Poem of the Day: ‘Mr. Nobody’
The story of a household where all the family’s mishaps are blamed on an unseen Mr. Nobody.
For one of the lighter verses we offer as Poem of the Day on Wednesdays, how about this bit of 19th-century American verse, “Mr. Nobody”?
The poem gained its first real foothold when it appeared as by an unnamed author in The Golden Book of Poetry, a popular 1947 anthology edited by the children’s author Jane Werner Watson (1915–2004). “Mr. Nobody” is sometimes oddly ascribed to Walter de la Mare (1873–1956), but the researcher Rebecca Perkins traces its first publication to the Riverside Magazine for Young People in 1868. An editorial error left it out of the table of contents, and though it also appeared that same year in a collection called “Little Lou’s Sayings and Doings” by Elizabeth Prentiss (1818–1878), the ascription to Anonymous, rather than Prentiss, became the default.

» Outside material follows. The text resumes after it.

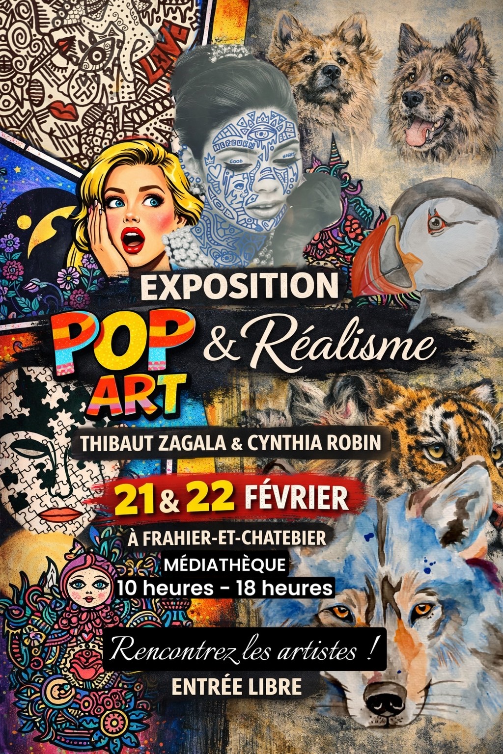 Exposition Pop Art et Réalisme avec Thibaut Zagala et Cynthia Robin.

Prentiss’s light verse — eight-line stanzas in ballad meter, alternating three- and four-foot lines — tells the story of a household where all the family’s mishaps are blamed on an unseen Mr. Nobody.
Mr. Nobody
by Elizabeth Prentiss
I know a funny little man,
As quiet as a mouse,
Who does the mischief that is done
In everybody’s house!
There’s no one ever sees his face,
And yet we all agree
That every plate we break was cracked
By Mr. Nobody.
’Tis he who always tears out books,
Who leaves the door ajar,
He pulls the buttons from our shirts,
And scatters pins afar;
That squeaking door will always squeak,
For prithee, don’t you see,
We leave the oiling to be done
By Mr. Nobody.
He puts damp wood upon the fire
That kettles cannot boil;
His are the feet that bring in mud,
And all the carpets soil.
The papers always are mislaid;
Who had them last, but he?
There’s no one tosses them about
But Mr. Nobody.
The finger marks upon the door
By none of us are made;
We never leave the blinds unclosed,
To let the curtains fade.
The ink we never spill; the boots
That lying round you see
Are not our boots, — they all belong
To Mr. Nobody.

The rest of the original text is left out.